"""

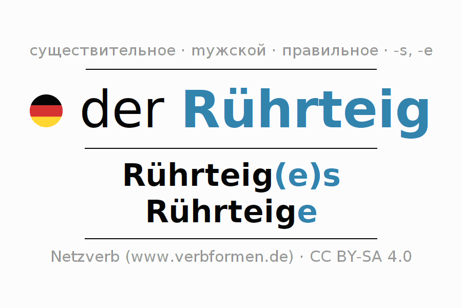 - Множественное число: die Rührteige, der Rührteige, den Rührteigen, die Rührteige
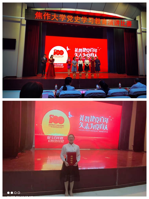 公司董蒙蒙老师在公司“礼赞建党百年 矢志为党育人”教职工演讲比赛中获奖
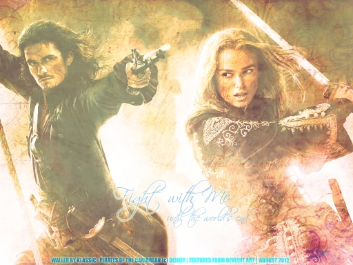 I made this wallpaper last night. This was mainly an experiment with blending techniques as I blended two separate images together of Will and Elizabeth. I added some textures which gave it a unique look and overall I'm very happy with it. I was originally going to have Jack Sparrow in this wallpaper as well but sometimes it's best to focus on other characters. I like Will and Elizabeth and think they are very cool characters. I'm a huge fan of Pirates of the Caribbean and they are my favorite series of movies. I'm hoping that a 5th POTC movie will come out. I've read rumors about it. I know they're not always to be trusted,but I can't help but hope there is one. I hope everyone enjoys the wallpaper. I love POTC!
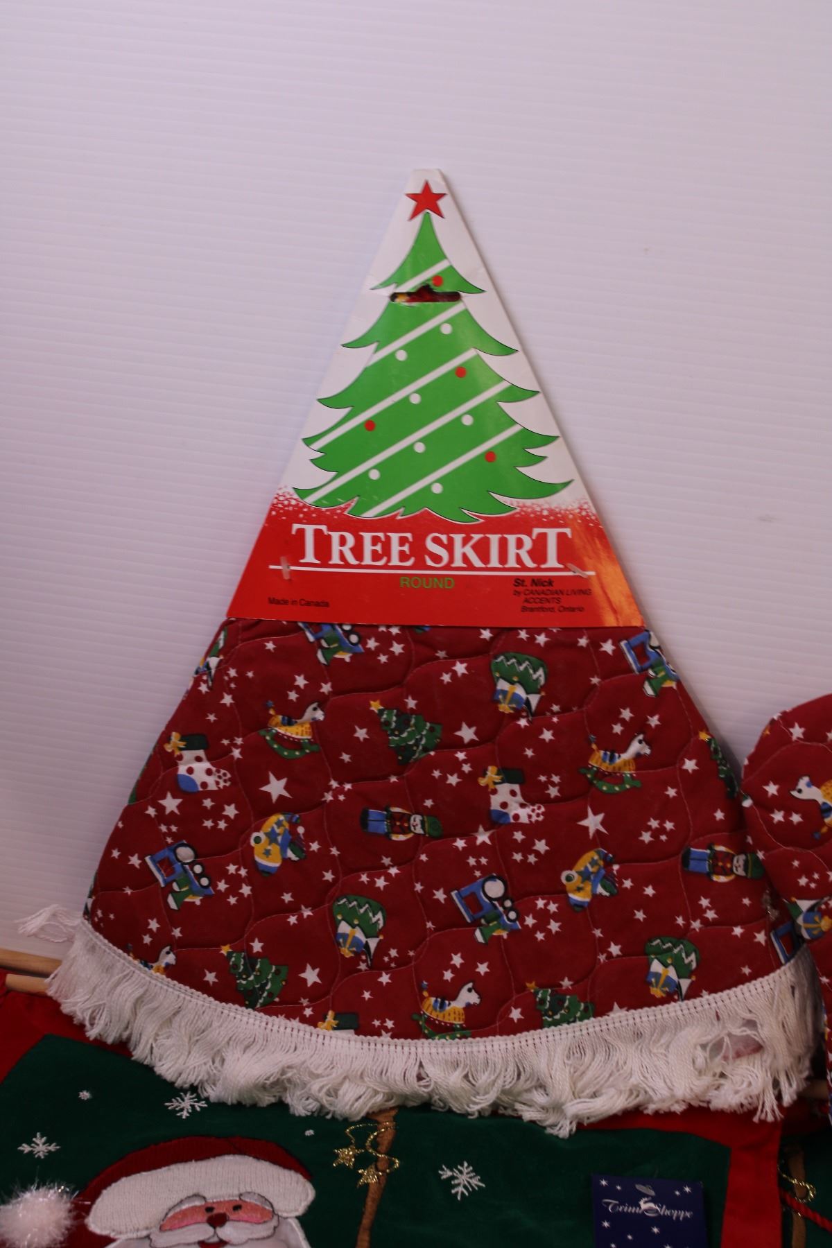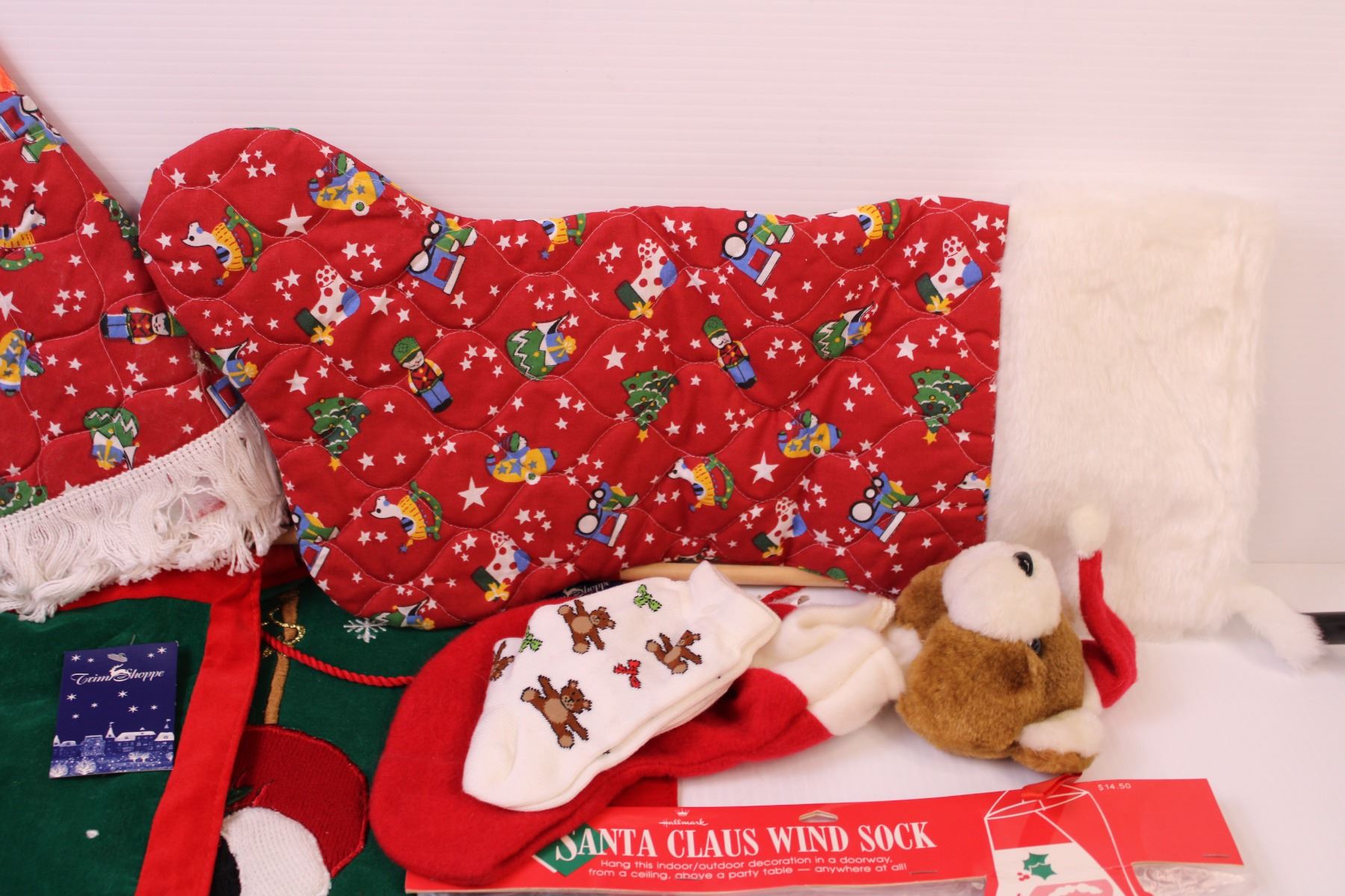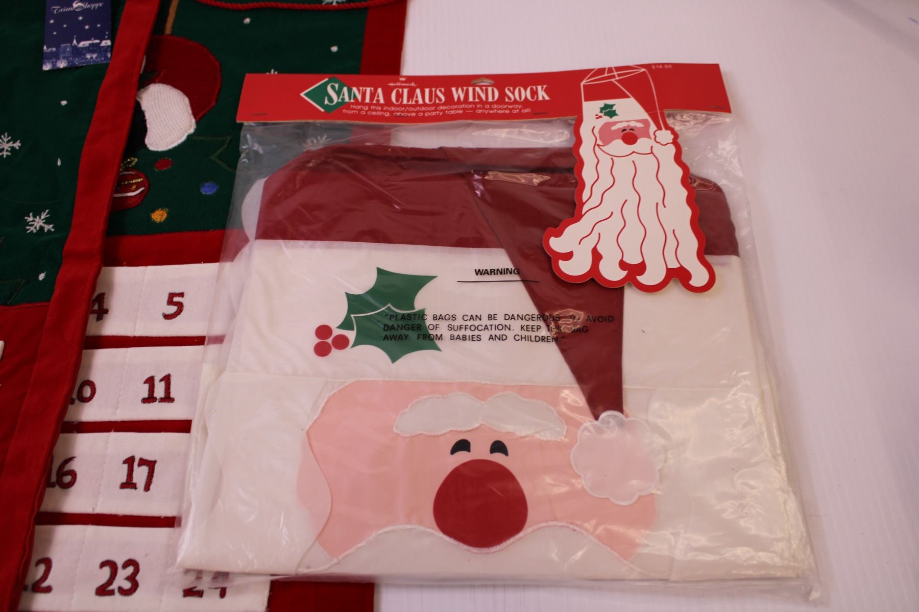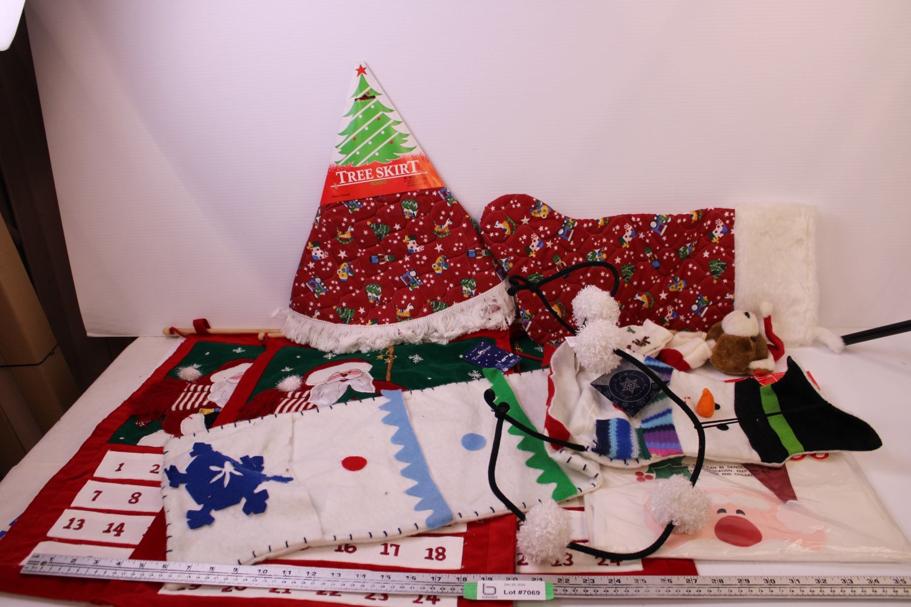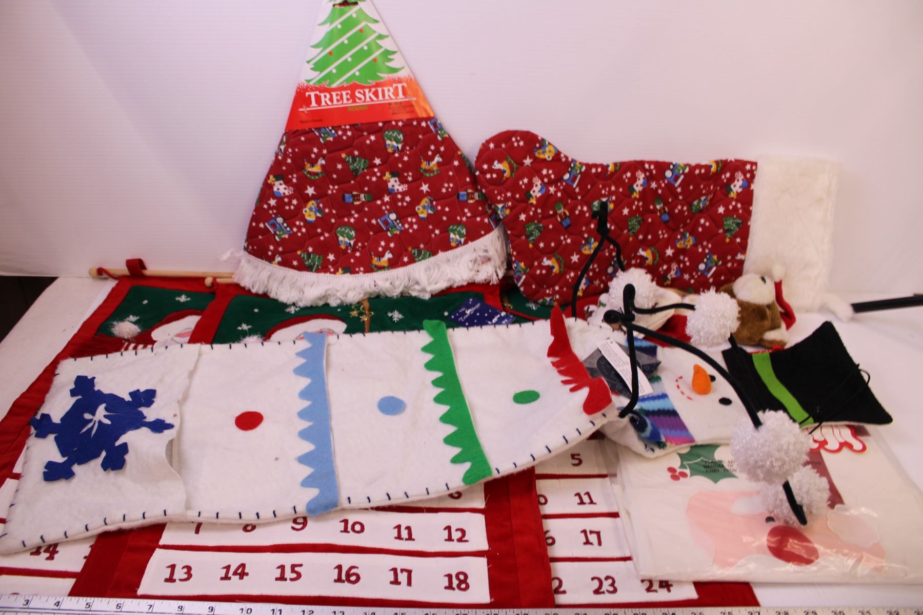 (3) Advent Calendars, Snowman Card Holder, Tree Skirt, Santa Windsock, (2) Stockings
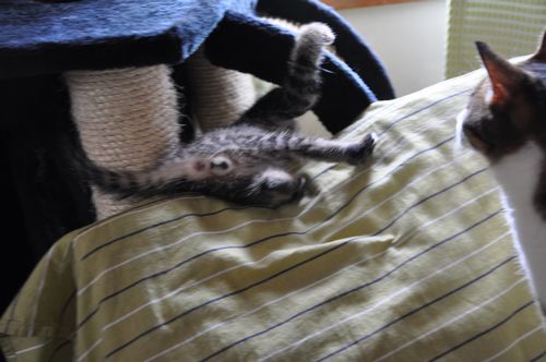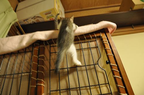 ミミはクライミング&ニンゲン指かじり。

"""

The records above should be written out in full and unchanged, except that pictures are dropped.

 - Множественное число: die Rührteige, der Rührteige, den Rührteigen, die Rührteige
 公司董蒙蒙老师在公司“礼赞建党百年 矢志为党育人”教职工演讲比赛中获奖
 I made this wallpaper last night. This was mainly an experiment with blending techniques as I blended two separate images together of Will and Elizabeth. I added some textures which gave it a unique look and overall I'm very happy with it. I was originally going to have Jack Sparrow in this wallpaper as well but sometimes it's best to focus on other characters. I like Will and Elizabeth and think they are very cool characters. I'm a huge fan of Pirates of the Caribbean and they are my favorite series of movies. I'm hoping that a 5th POTC movie will come out. I've read rumors about it. I know they're not always to be trusted,but I can't help but hope there is one. I hope everyone enjoys the wallpaper. I love POTC!
 (3) Advent Calendars, Snowman Card Holder, Tree Skirt, Santa Windsock, (2) Stockings
 ミミはクライミング&ニンゲン指かじり。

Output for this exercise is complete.